The Casper Excalibur G920 is classified as a gaming laptop and carries a total weight of 2800 g. It does not use a fanless design, meaning it relies on active cooling to manage heat. The keyboard features backlighting for use in low-light environments, while the chassis lacks weather sealing, so it is not splashproof.
The Casper Excalibur G920 features a 16″ IPS panel with LED backlighting, delivering a typical brightness of 500 nits and a 300Hz refresh rate suited to fast-paced content. The screen does not support touch input and lacks an anti-reflection coating. Through its GPU, the system can drive up to 4 displays simultaneously.
The G920 is equipped with 64GB of DDR5 RAM running at 5600 MHz across two memory slots, with a maximum supported capacity of 192GB. The CPU operates at 8 cores clocked at 2.2 GHz and 16 cores at 1.6 GHz, reaching a turbo frequency of 5.8GHz across 32 threads with multithreading enabled, and is built on a 4 nm semiconductor process. Storage comes in the form of a 2048GB NVMe SSD using PCIe 4.0, with flash storage as the sole storage medium. On the graphics side, the GPU carries 16GB of GDDR7 VRAM and runs at a base clock of 975 MHz with a turbo of 1500 MHz, delivering 23.04 TFLOPS of floating-point performance, a texture rate of 384 GTexels/s, and a pixel rate of 144 GPixel/s under DirectX 12 Ultimate. The system supports 64-bit operation and Intel Resizable BAR via PCIe 4.0, but does not include XeSS support.
In Geekbench 6, the G920 scores 15,655 in the multi-core test and 2,680 in the single-core test, reflecting the CPU's threaded and per-core processing characteristics respectively. PassMark results follow a similar pattern, with an overall score of 45,332 and a single-thread score of 4,245.

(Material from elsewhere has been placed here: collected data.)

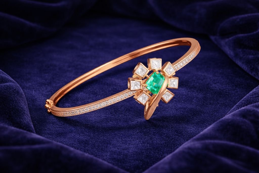 A stunning rose gold plated bracelet featuring an emerald center stone with a floral diamond-studded design—crafted in 92.5 silver for modern elegance.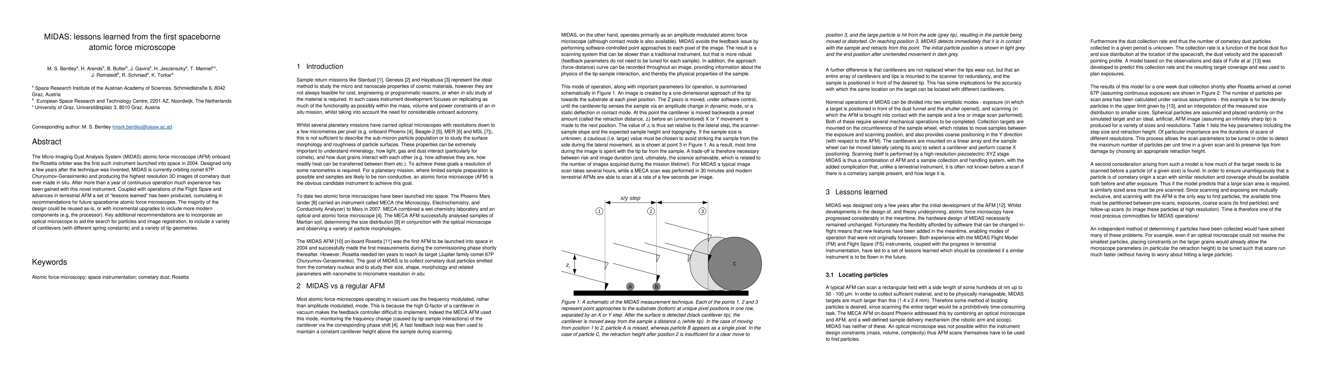 MIDAS, the first spaceborne atomic force microscope, has provided invaluable lessons learned after a year of continuous operation around comet 67P. Recommendations include reusing most of its design with minor updates, adding an optical microscope for better particle search, and incorporating diverse cantilevers and tip geometries for future instruments.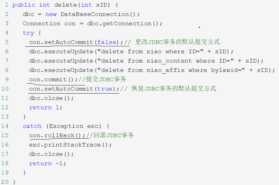 为了把多个事务当成一个事务执行,就必须强制阻止自动提交(第五行)。

The G920 offers a wired port selection consisting of one USB 3.2 Gen 2 Type-C port, three USB 3.2 Gen 1 Type-A ports, one HDMI 2.1 output, and one RJ45 Ethernet jack. There are no Thunderbolt 3 or 4 ports, no USB 4 ports, no DisplayPort outputs, and no VGA connector. Wireless connectivity covers Wi-Fi 7 (802.11be) along with backward-compatible support for Wi-Fi 6E, Wi-Fi 6, Wi-Fi 5, and Wi-Fi 4. AirPlay is supported, but there is no external memory card slot on the machine.

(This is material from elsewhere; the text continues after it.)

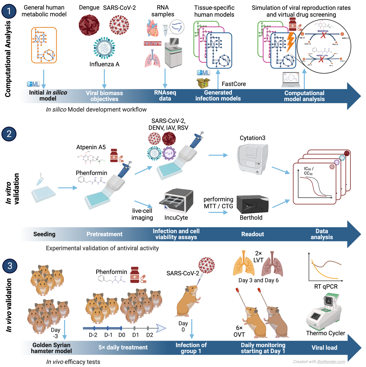 Nevertheless, there are limitations to our study and open questions remain. On the computational side, we applied our workflow only to single-cell RNA-Seq datasets which come with the limitation that typically only a subset of expressed genes is detected (Lähnemann et al., 2020). However, bulk sequencing RNA-Seq data suffers from the disadvantage that it also includes transcripts of genes from cell types that might not be permissible for viral infection. For instance, SARS-CoV-2 is typically only able to infect a small subset of cells in the lung (Ortiz et al., 2020). Moreover, due to the reconstruction of context-specific models for hundreds of thousands of cells being a limiting step in our analysis, we based our approach on Recon2.2 (Swainston et al., 2016) which is much smaller in size than more current reconstructions of human metabolism, like Recon3D (Brunk et al., 2018). The activity of phenformin needs to be characterized in further detail in vitro as well as in vivo prior to upcoming clinical trials. While we observed some weight loss in vivo, this is likely related to an appetite-reducing effect as has been observed for metformin (Scott et al., 2024), the weight trend reassuringly did not change post-infection. Atpenin A5 is of limited in vivo compatibility, and following its proof-of-concept as broad antiviral agents, more work is necessary to render it biocompatible or find other inhibitors of the same target. Moreover, we have only explored a subset of our predicted targets, and other targets from our list might provide an even higher potency for inhibiting viral replication in a broad set of viruses. Hence, ample follow-up studies to the work presented herein are necessary to further explore the capability of our modeling workflow to predict antiviral drugs.

The G920 houses a 63.05 Wh battery and includes sleep-and-charge USB ports, allowing connected devices to be charged even when the laptop is not in active use. It does not use a MagSafe power adapter.
The G920 includes stereo speakers, a 3.5 mm headset jack, and a single microphone, though it lacks Dolby Atmos and an S/PDIF output. A front camera is present for video calls, while biometric options such as a fingerprint scanner and 3D facial recognition are not included. The GPU supports both ray tracing and DLSS, adding to its graphics feature set. Motion and location sensors — including a gyroscope, accelerometer, compass, and GPS — are absent, as are voice command support, a stylus, and an optical disc drive.
The G920's GPU is built on the Blackwell architecture and features 7,680 shading units, 256 texture mapping units, 96 ROPs, and 32 execution units, with a 256-bit memory bus running at an effective speed of 25,400 MHz and a maximum bandwidth of 811.5 GB/s. It supports multi-display output, stereoscopic 3D, Double Precision Floating Point, OpenCL 3, OpenGL 4.6, and Intel Resizable BAR, and does not include LHR. The integrated graphics solution is the UHD Graphics 770 with 32 execution units. On the CPU side, the processor operates with a clock multiplier of 22, a maximum rated temperature of 100°C, an 80W TDP, a 36MB L3 cache, and employs big.LITTLE technology for hybrid core management across two memory channels with a maximum RAM speed of 5600 MHz. The CPU supports ECC memory, carries an NX bit, and includes instruction sets covering MMX, F16C, FMA3, AES, AVX, AVX2, SSE 4.1, and SSE 4.2, though the multiplier is locked.